Since the platform is Kubernetes-native, it is an ideal fit for AI-first organizations that prefer to manage their own ML platform layer and need a compute-heavy environment that can scale rapidly without the overhead of 200+ unrelated services.
Both platforms come with their own sets of hurdles.
With AWS, you are navigating over 200 services, which adds a lot of configuration work, and getting your hands on GPUs can be hit or miss depending on the day.
CoreWeave’s Kubernetes-only approach means you are essentially building your own machine learning platform from scratch.
Plus, both can get expensive quickly, and neither really addresses the data sovereignty needs of teams operating outside the US or Europe.

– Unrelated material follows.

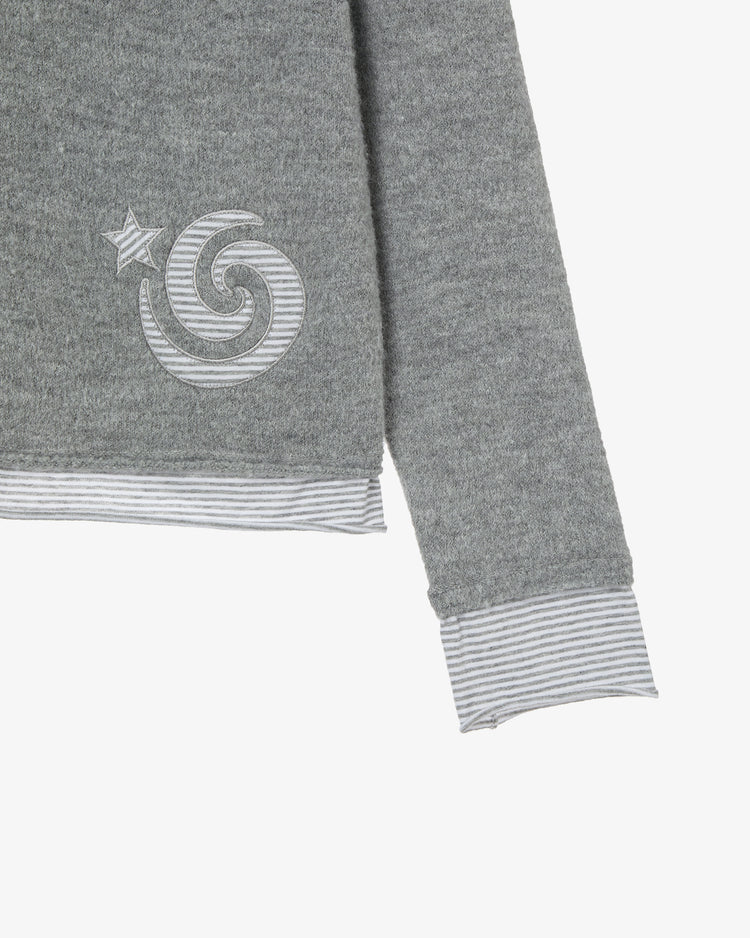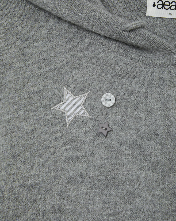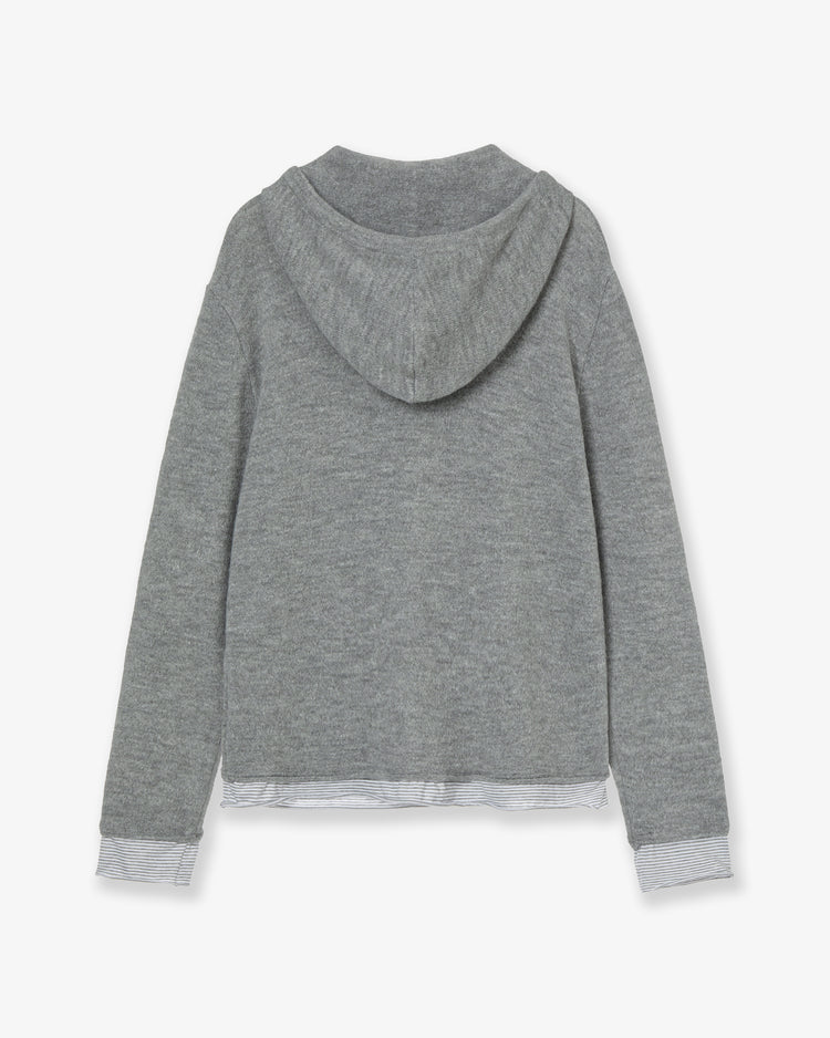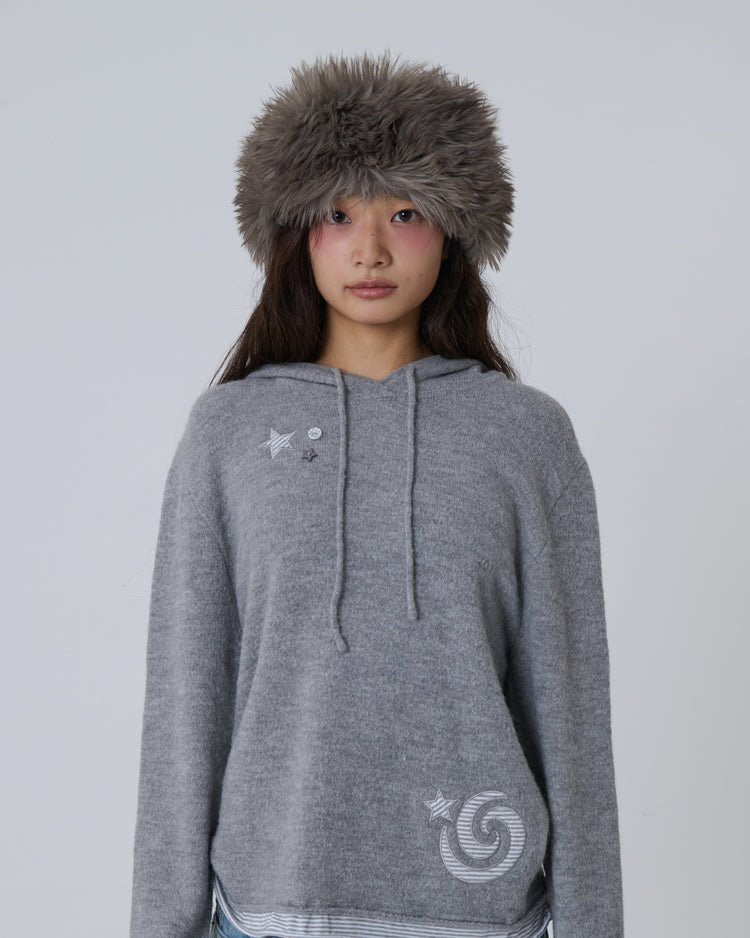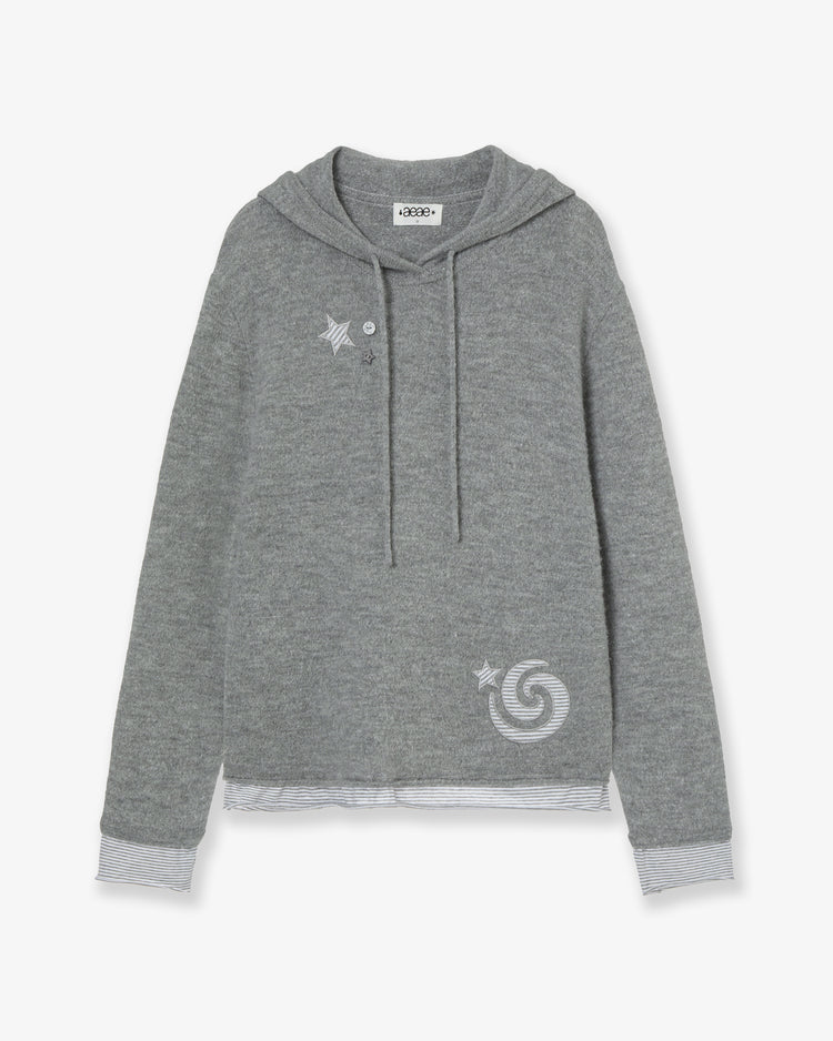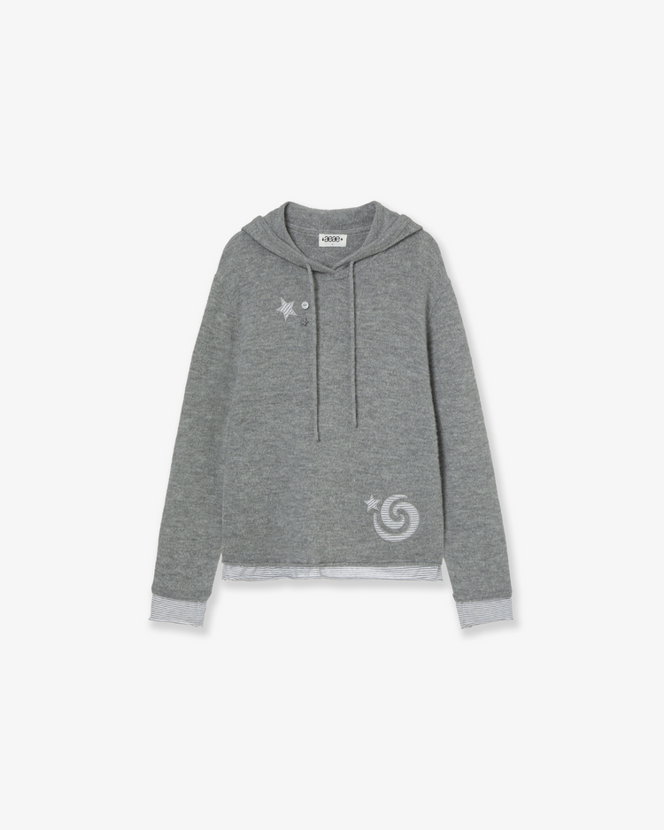 【11月上旬お届けアイテム】LAYERED KNIT HOODIE [GREY]

Average GPU utilization across cloud platforms sits between 20-40%. Teams pay for 100% of provisioned GPU time but use a fraction of it. The gap between “having GPU access” and “running a productive training job” remains wider than it should be on both platforms.

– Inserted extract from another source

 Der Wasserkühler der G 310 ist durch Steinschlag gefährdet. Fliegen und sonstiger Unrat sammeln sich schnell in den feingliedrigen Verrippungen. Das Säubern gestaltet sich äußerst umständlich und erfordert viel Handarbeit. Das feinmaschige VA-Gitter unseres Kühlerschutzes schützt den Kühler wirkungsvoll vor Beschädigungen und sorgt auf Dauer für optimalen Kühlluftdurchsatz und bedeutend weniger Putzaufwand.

A growing number of ML teams want the managed experience of a full-stack platform, the cost efficiency of specialized infrastructure, and data sovereignty that global hyperscalers cannot guarantee. Neither AWS nor CoreWeave delivers all three.
Neysa is an AI Neocloud based in India, backed by Blackstone with up to $1.2 billion in funding. It offers a full-stack platform combining GPU infrastructure (Velocis), AI security (Aegis), and sovereign cloud capabilities.
Training large AI models
Neysa uses a RoCE-based fabric with 1:1 bisection bandwidth, so you aren’t hitting the usual networking bottlenecks. What is also interesting here is the hardware flexibility. AWS is great but keeps you locked into NVIDIA or their own custom chips, and CoreWeave is strictly an NVIDIA shop. Neysa lets you mix it up by supporting everything from NVIDIA’s H100s and L40s to AMD’s MI300X, giving you the kind of silicon diversity you just can’t get on the bigger clouds right now.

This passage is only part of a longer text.